First the house was moved 100 yards up the slope from its original site, both to alleviate the noise of the railroad and to improve the view. It took about 10 days to set up for the move and less than an hour to actually relocate the house up the hill using wheels and jacks. Originally supported only by boulders, the house now rested on a new concrete foundation with a full basement. The interior was replastered, the floors refinished, and the fireplaces repaired. To provide space for the Morgans' growing children and a large collection of books, Yeon designed an extension that was added to the south end of the house, and it meticulously mirrored the design of the original structure.
The historical significance of the Lancaster house was found to be twofold by the NRHP. It was both "the principal residence of a character important in the early political history of Washington Territory" and an example of "a fairly large, complex work of architecture constructed with mostly native materials under the quite primitive conditions prevailing at the time" (NRHP Nomination Form, p. 8). The skill of John Yeon, and the dedication of the Morgans to maintain the home's integrity, are also acknowledged: "Although the building was moved a short distance and enlarged, very little destruction of original work took place. The decorative exterior details all remain unaltered, and the form and lines of the structure maintain a similar balance and unity" (NRHP Nomination Form, p. 3)
Their legacy and dedication have been preserved and carried forward by three generations of Morgans. In 2021, Plas Newydd was owned and administered by direct descendants of Aubrey and Constance Morgan.

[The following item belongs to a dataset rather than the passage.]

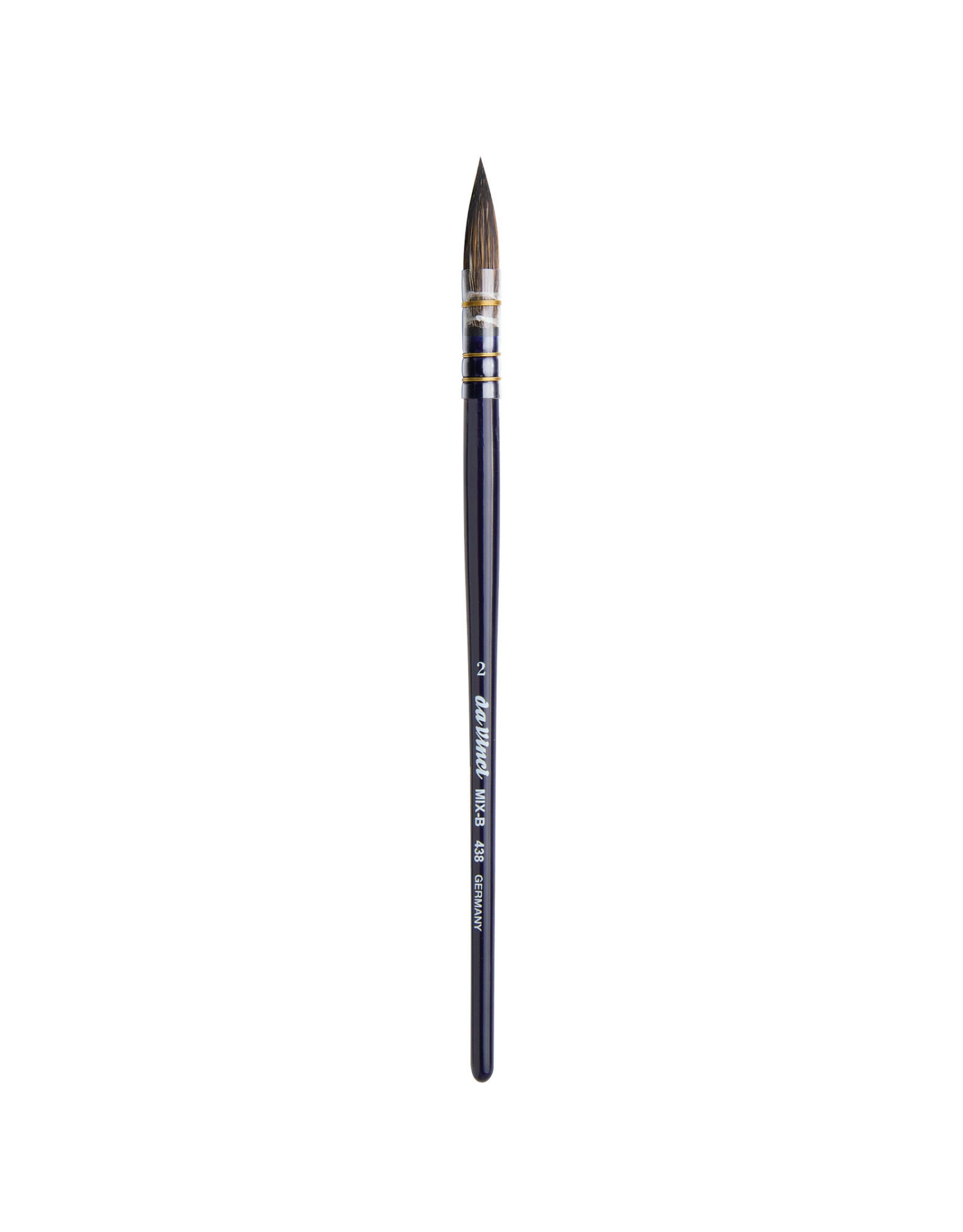 Da Vinci’s Cosmotop Sable Mix is a combination of Kolinsky Red Sable, Russian Blue Squirrel, and Russian Fitch (Black Sable) hair, along with small amounts of synthetic hair. This brush features the pointing and edging of Sable, the water-holding capacity and wash strokes of Squirrel, and the stiffness and durability of Fitch. The Blue lacquered wooden handle is paired with a wire-bound quill ferrule.
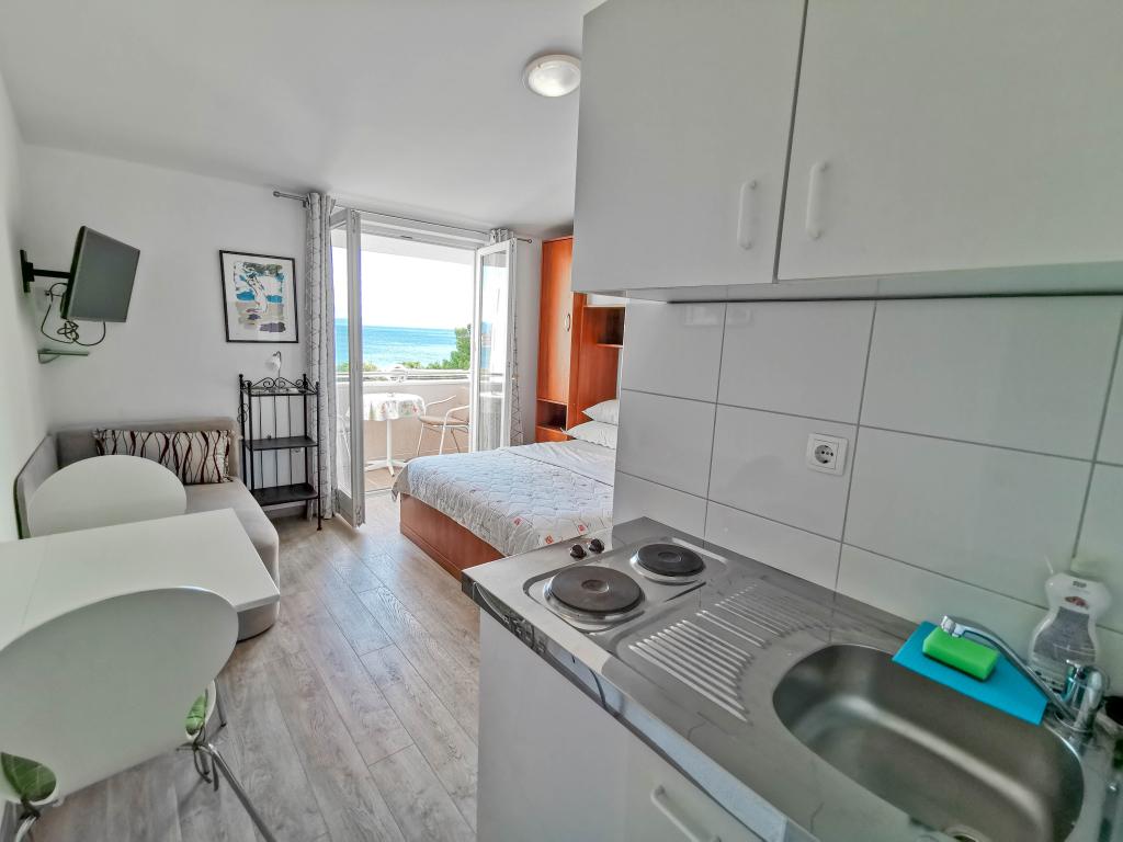 Do you want to be this close to the beach? Makarska - 70 meters from the main beach (about 1 minute walk) Free parking Free wi-fi Free use of air conditioning Our apartments: V1 - apartment for 5 people, ground floor, one large bed and one single bed in the room, and one couch on sofa in the living room V2 - studio for 3 persons, third floor, one large bed and one single bed, balcony with sea view V3 - studio for 3 persons, third floor, one large bed and one single bed, balcony with a view of sea V4 - apartment for 4 people, third floor, one large bed in the room and one sofa bed in the living room, balcony with a view of the sea. All apartments have their own kitchen and bathroom/toilet. For prices and other questions, please contact us. We look forward to your arrival

No longer a working farm, its twenty-first century activities are summarized on the property's website:
"Plas Newydd ... has been in our family since 1941. In that time things change; we have seen three generations of management, we have seen 3 hundred-year floods, we are no longer a dairy, and we are no longer a ranch, but we have remained a tree farm since 1948. Today we also provide cattle grazing leases, and soon, mitigation and conservation credits. One thing that has not changed in all that time is our commitment to thoughtful stewardship" ("The Farm and Family").